What is supply chain forecasting?
Supply chain forecasting involves analyzing historical data, market trends, and other related factors to predict the quantity and timing of future customer orders or sales. Its main objective is to optimize inventory levels, manufacturing schedules, and distribution plans.
Supply chain planning software helps businesses plan and organize various parts of a supply chain. Forecasting supplies ensures correct products are accessible at the right time and in the right amounts.
Supply chain forecasting enables companies to plan for demand fluctuations, reduce stockouts and surplus inventory, and increase overall operational effectiveness. By precisely forecasting future demands, organizations can coordinate their resources to fulfill consumer needs while reducing costs and maximizing customer satisfaction.
Types of supply chain forecasting
Supply chain forecasting examines multiple data sources to identify trends and generate precise projections about product availability, customer purchasing trends, and prices. In general, suppliers make their choices based on one of three forecast types mentioned below.
- Forecasting supply involves looking at the supply chain from top to bottom to determine the goods each supplier can supply and to establish the maximum quantity a business can order. It also informs users of the anticipated arrival time at the warehouse for storage and potential shipping.

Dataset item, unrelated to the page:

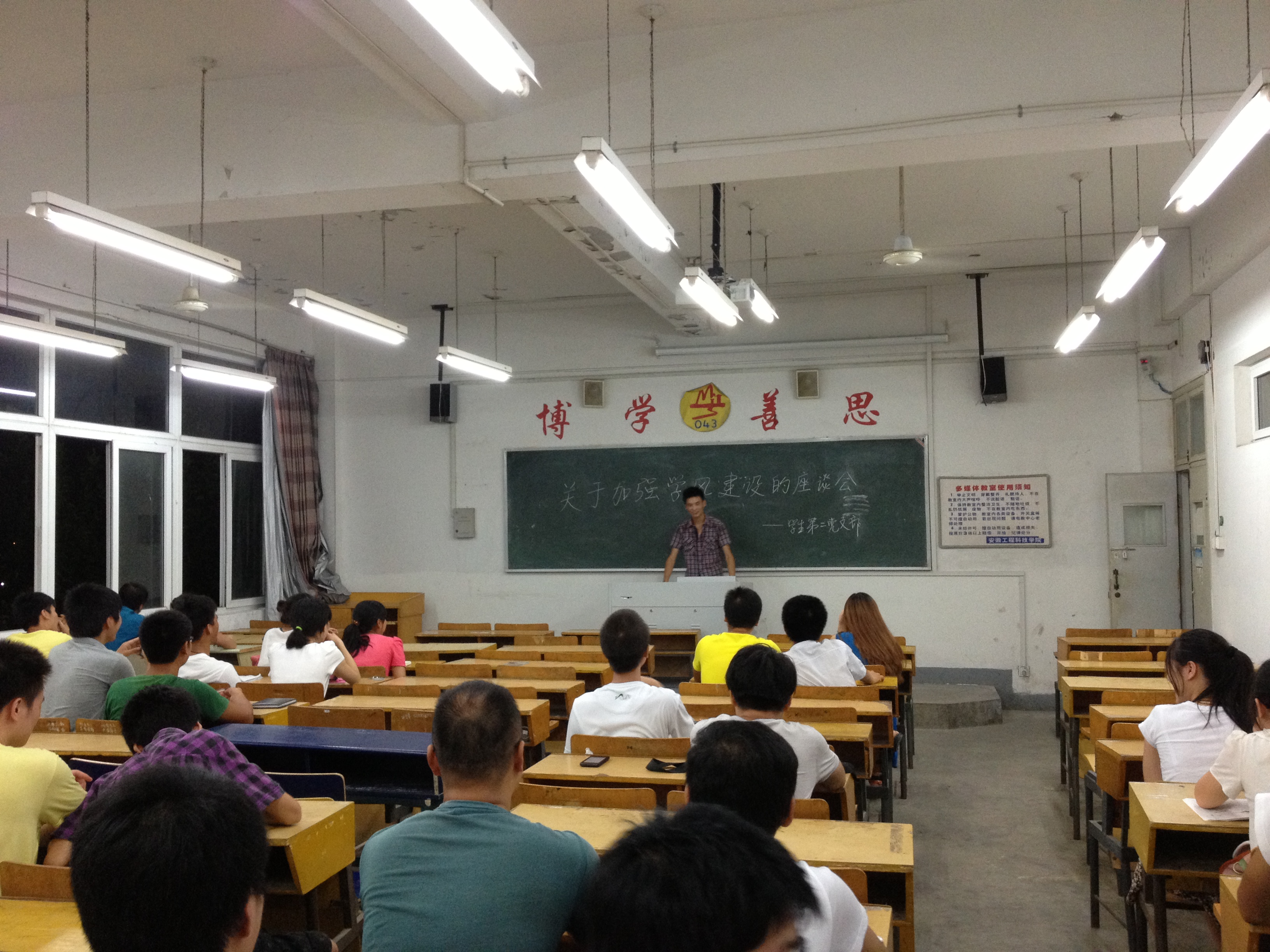 座谈会分三步进行,首先,各支部内部分组讨论;然后,每组由一名代表交流本组的讨论重点;最后,各支部负责人予以总结汇报。学生一支部的讨论重点有:学校角度:优化环境,强化氛围;老师角度,尽其德,尽其职;学生角度,求真务实,励志创新。学生二支部从学风建设管理层面展开讨论:加强课堂管理,保证课堂纪律;加强网络管理,保证学生按时作息;加强寝室管理,营造良好的学习氛围。学生三支部从自身角度予以承若:思想上,树立全心全意为同学服务的宗旨;行动上,理论与实践相结合,争当专业学习的标兵。在各支部负责人汇报之后,党委副书记、副院长何朝林就教育实践活动阐述两点:一是如何落实教育实践活动,发挥学生党员的三大作用,即:引领作用,成为广大学生的标杆;桥梁作用,畅通学生与老师之间的沟通渠道;监督作用,确保各项规章制度落到实处;二是切实有效推进我院学风建设,即,保证自己、帮助他人和结合专业继续深化我院开展的一、二、三课堂联动机制。

- Demand forecasting predicts consumer demand for particular products. Effective supply chain management ensures that an adequate amount of merchandise is on hand during the busiest seasons of the year. Advanced analytics helps businesses understand when customers will likely purchase specific products.
- Price forecasting estimates how product pricing and operating expenses might change over time. It involves gathering and processing market data. Forecasting prices is essential for managing budgets and purchasing goods in advance.

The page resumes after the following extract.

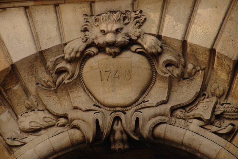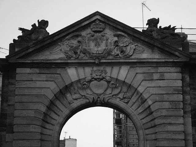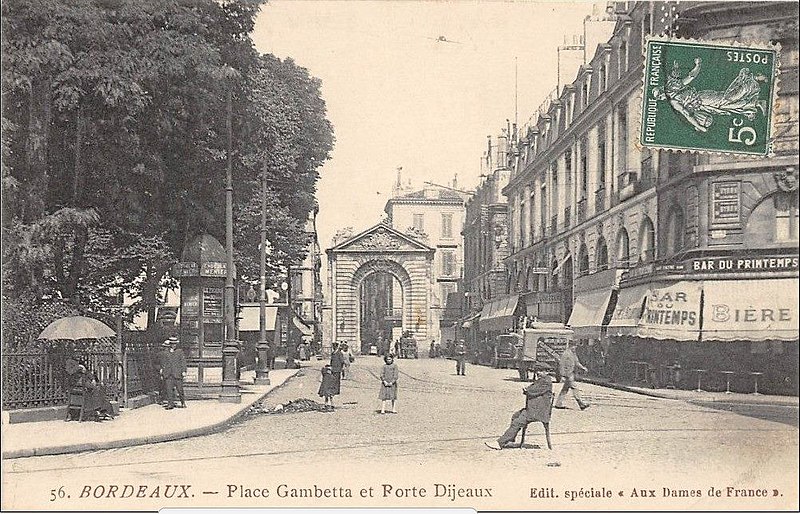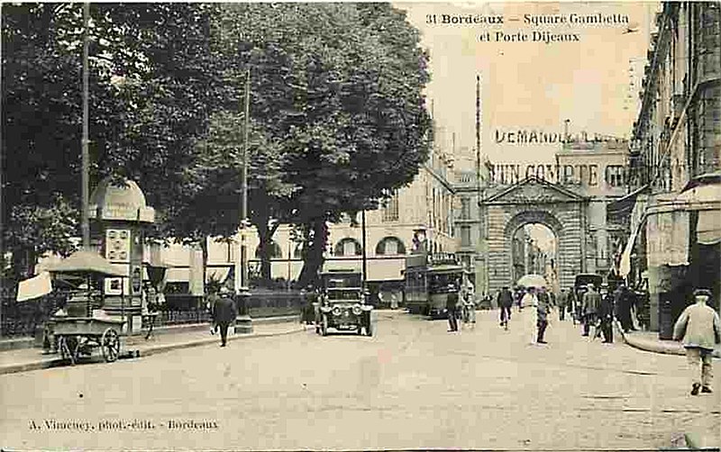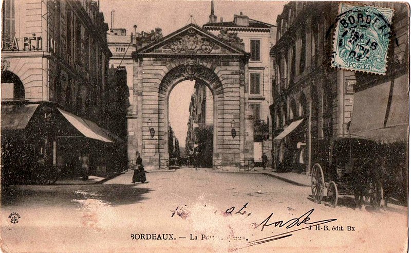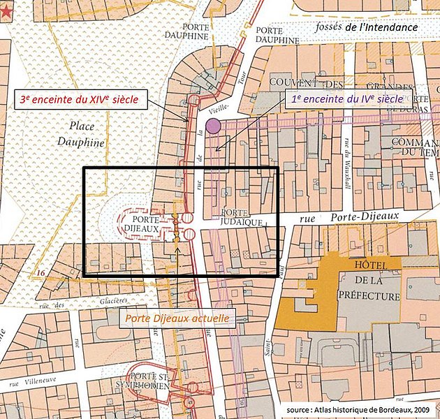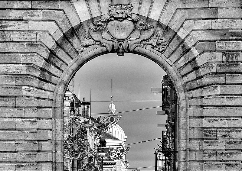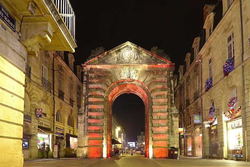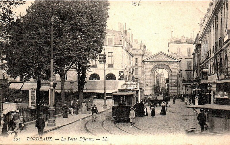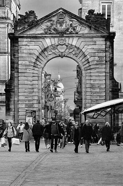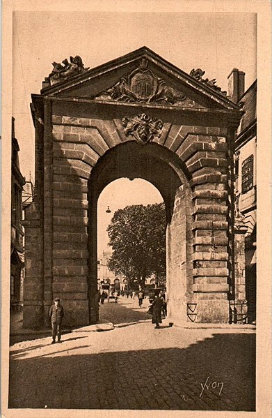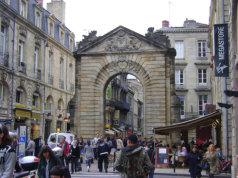 La porte Dijeaux, dite aussi porte Dauphine sous Louis XIV, est une porte de la ville de Bordeaux (Gironde) classée monument historique le 2 juin 1921. Elle se situe à l’extrémité ouest du decumanus formé par l’alignement des rues Porte-Dijeaux et Saint-Rémi et ouvre sur la place Gambetta. Le nom apparaît sous des formes variées (de Giu, Dijeu, Dijeus, Digaus) et deux hypothèses expliquent son origine : selon l’abbé Baurein, il dériverait de porta deus Judias, « porte des juifs » en gascon, en raison d’un lien avec le quartier juif du mont Judaïque ; d’après Camille Jullian, il viendrait de Porta Jovis, lié au temple de Jupiter, la forme gasconne de « de Jupiter » ayant évolué jusqu’à l’appellation actuelle. L’édifice actuel est la troisième porte à cet emplacement : la première, une ouverture de l’enceinte romaine du IVe siècle, aurait été la « porta Jovia » ; elle n’a pas été modifiée lors de l’agrandissement du XIIIe siècle. Les remparts du XIVe siècle déplacèrent la porte de dix à douze mètres vers l’ouest et l’inscrivirent entre deux tours, avec à l’extérieur une demi-lune servant de redoute. Cette porte, qui communiquait avec le faubourg Saint-Seurin, joua un rôle défensif notable, notamment lors de la Fronde de 1650 où elle permit de résister douze jours au siège du maréchal de la Mailleray. Dans le cadre des travaux d’embellissement conduits par l’intendant Tourny, les jurats décidèrent en 1746 de créer la place Dauphine (actuelle place Gambetta) et de démolir la demi-lune ; la porte elle-même fut remplacée par le monument actuel élevé à partir de 1748. La construction, dirigée par Voisin d’après les plans de l’architecte André Portier, est généralement datée du milieu du XVIIIe siècle, certaines sources mentionnant son achèvement en 1750, d’autres en 1753. Le décor sculpté, confié à Claude (ou Claude-Clair) Francin, comprend quatre trophées placés aux extrémités des frontons ; le côté ouest porte les armes de France et un cartouche daté 1748, tandis que le côté est porte les armes de Bordeaux et un cartouche figurant une tête de Neptune accompagnée de veaux marins. La Révolution entraîna la suppression des vantaux qui fermaient l’arcade centrale et des guichets latéraux, rendus inutiles par l’abolition des octrois. La porte est taillée en pierre de Frontenac, une pierre dure et dense dans laquelle on observe des sédiments de coquilles ; cette pierre est habituellement employée pour les fondations, alors que la pierre de Bourg est plus fréquemment utilisée pour les parties supérieures. Isolée aujourd’hui et privée de ses guichets piétons, elle marque toujours l’aboutissement de l’ancienne voie romaine qui reliait la place royale au fleuve. Des campagnes de restauration ont eu lieu, notamment en 1971, et de nouveaux travaux ont débuté en janvier 2022 pour une durée d’environ cinq mois. La porte encadre la perspective vers le centre-ville et constitue un point de repère historique sur la place Gambetta.

Benefits of supply chain forecasting
Forecasting in supply chain management predicts demand, supply, and pricing within an industry. Below are some notable benefits that arise as a result of effective forecasting.
- Improved planning: Forecasting significantly improves the process of planning and scheduling. A supply chain may stay competitive by tracking past and present product demand.
- Anticipation of product demand: Demand forecasting can predict product demand in even the most specific circumstances. No business can accurately foresee the future, but by relying on trends and making judgments based on past and present circumstances, companies can come as close as possible.
- Better customer satisfaction: In product-focused industries, it’s important to understand the needs of consumers. Being able to anticipate clients' demands makes sure orders are filled promptly, no matter the lead time.
- Less safety stock: Safety stock is extra inventory kept as a backup if a product's demand rises. However, with forecasting, no more precaution is required. This reduces storage space and stress.
- Preparation for seasonal variations: Supply chain forecasting helps organizations anticipate seasonal fluctuations in demand.
Supply chain forecasting methods
Supply chain forecasting uses past and present data, hard data, and sometimes intuition to make predictions. Understanding how to properly forecast supply chains is critical to success. These five methods are the most commonly used.
- Moving average forecasting analyzes data points by generating an average series of subsets from the entire data. It’s one of the simplest approaches to prediction. Based on historical averages, it doesn’t consider recent data as a better indicator of the future.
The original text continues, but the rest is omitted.